⟨
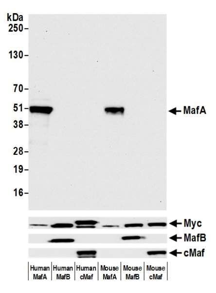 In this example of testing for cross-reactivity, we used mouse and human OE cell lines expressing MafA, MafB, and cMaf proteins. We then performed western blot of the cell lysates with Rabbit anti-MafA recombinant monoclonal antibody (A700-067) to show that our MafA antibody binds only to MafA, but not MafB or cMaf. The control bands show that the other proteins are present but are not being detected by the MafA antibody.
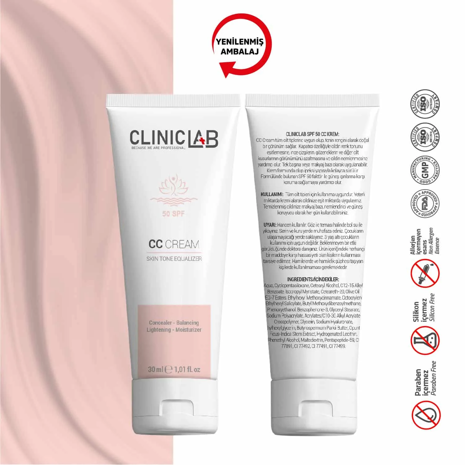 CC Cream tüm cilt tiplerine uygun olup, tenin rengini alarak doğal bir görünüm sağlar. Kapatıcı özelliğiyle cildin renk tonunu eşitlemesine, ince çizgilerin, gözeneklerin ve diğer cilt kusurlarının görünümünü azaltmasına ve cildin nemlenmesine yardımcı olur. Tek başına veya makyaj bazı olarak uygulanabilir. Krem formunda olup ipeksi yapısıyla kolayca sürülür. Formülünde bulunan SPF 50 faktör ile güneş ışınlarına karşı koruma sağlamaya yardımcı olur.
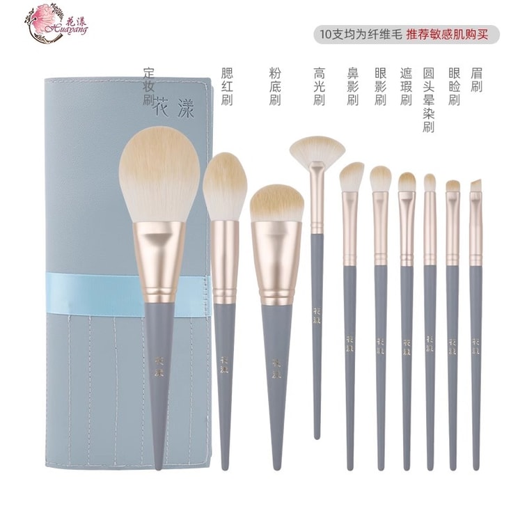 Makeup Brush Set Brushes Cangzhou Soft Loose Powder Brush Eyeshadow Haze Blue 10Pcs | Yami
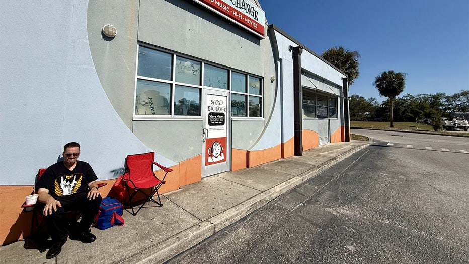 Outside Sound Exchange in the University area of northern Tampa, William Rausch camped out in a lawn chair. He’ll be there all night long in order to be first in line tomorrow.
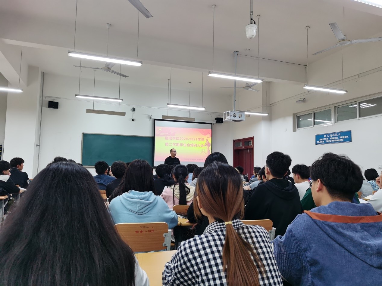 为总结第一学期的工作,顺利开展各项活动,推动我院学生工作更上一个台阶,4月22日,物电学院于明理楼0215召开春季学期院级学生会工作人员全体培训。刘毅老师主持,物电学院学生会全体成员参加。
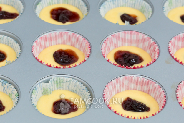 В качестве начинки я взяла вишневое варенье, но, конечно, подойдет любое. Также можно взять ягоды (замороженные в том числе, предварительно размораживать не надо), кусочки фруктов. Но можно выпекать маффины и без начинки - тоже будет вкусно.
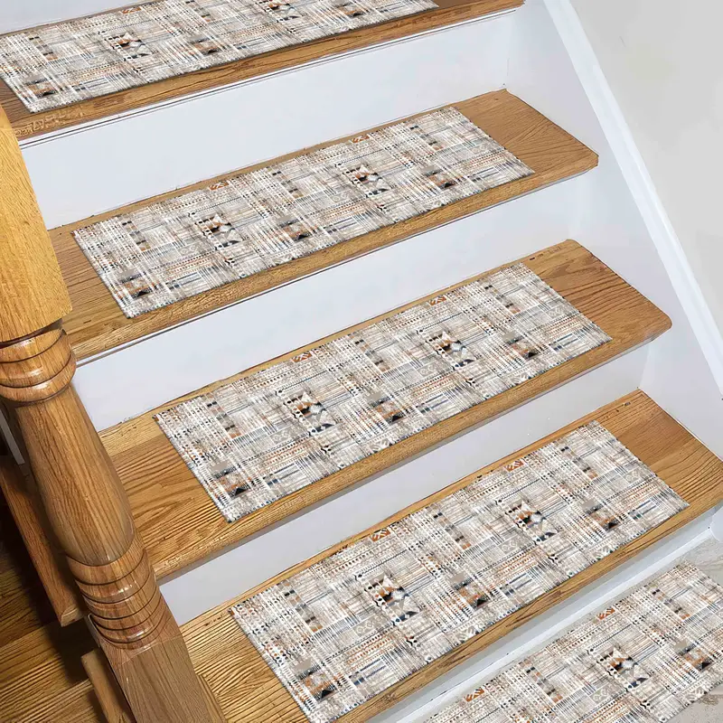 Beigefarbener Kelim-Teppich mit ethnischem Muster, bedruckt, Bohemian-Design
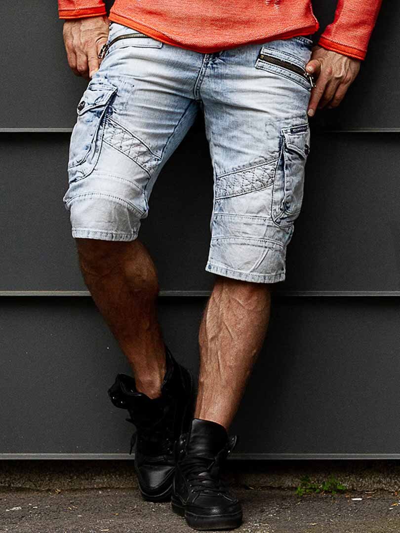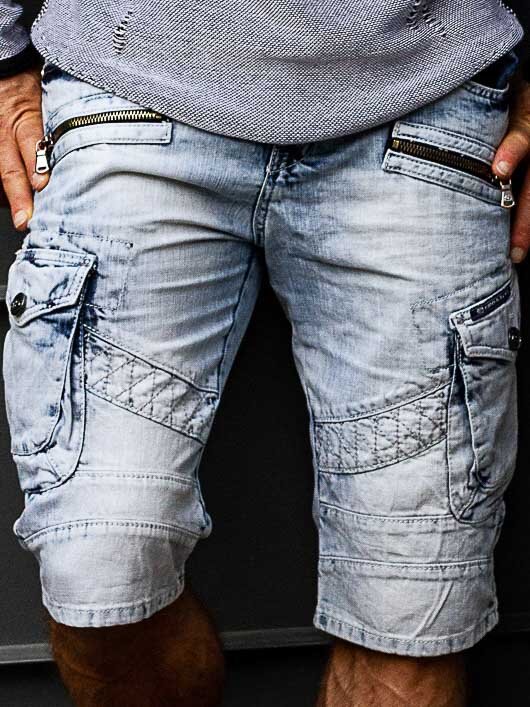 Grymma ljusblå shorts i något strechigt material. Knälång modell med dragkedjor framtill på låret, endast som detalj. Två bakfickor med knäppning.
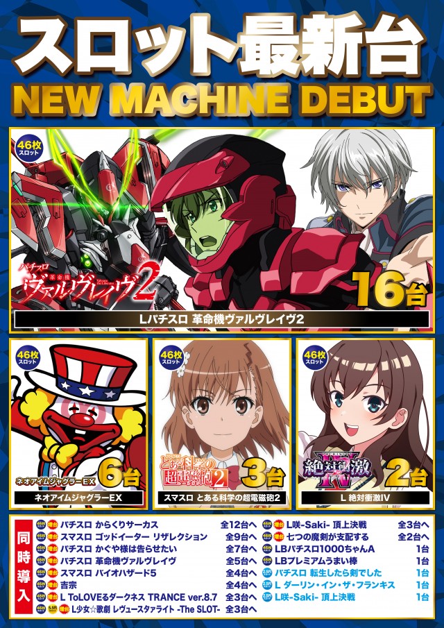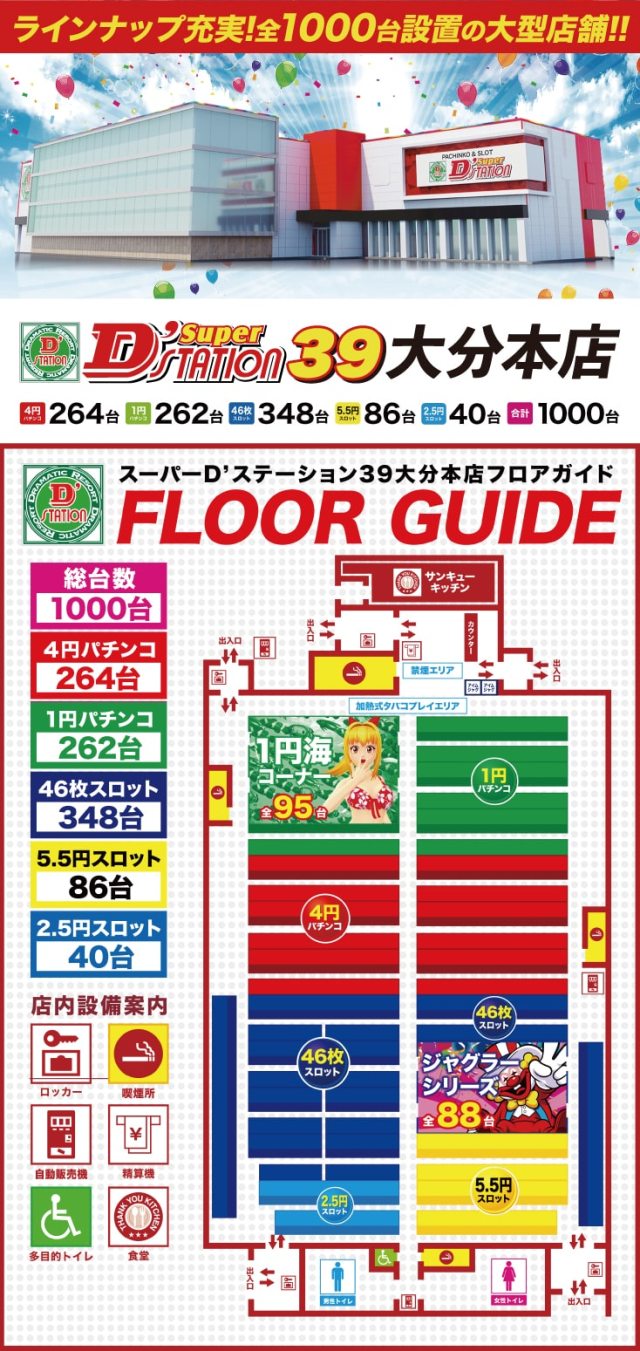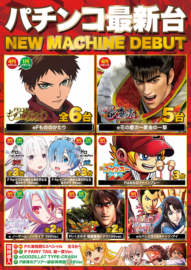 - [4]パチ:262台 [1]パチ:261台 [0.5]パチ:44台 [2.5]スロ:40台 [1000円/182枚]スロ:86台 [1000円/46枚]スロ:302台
⟩
### What needs to be done
Above are some entries. Restate word for word the lines from the one holding "Beigefarbener Kelim-Teppich mit" through the one holding "Grymma ljusblå shorts", but not the pictures.

### Written answer
 Beigefarbener Kelim-Teppich mit ethnischem Muster, bedruckt, Bohemian-Design
 Grymma ljusblå shorts i något strechigt material. Knälång modell med dragkedjor framtill på låret, endast som detalj. Två bakfickor med knäppning.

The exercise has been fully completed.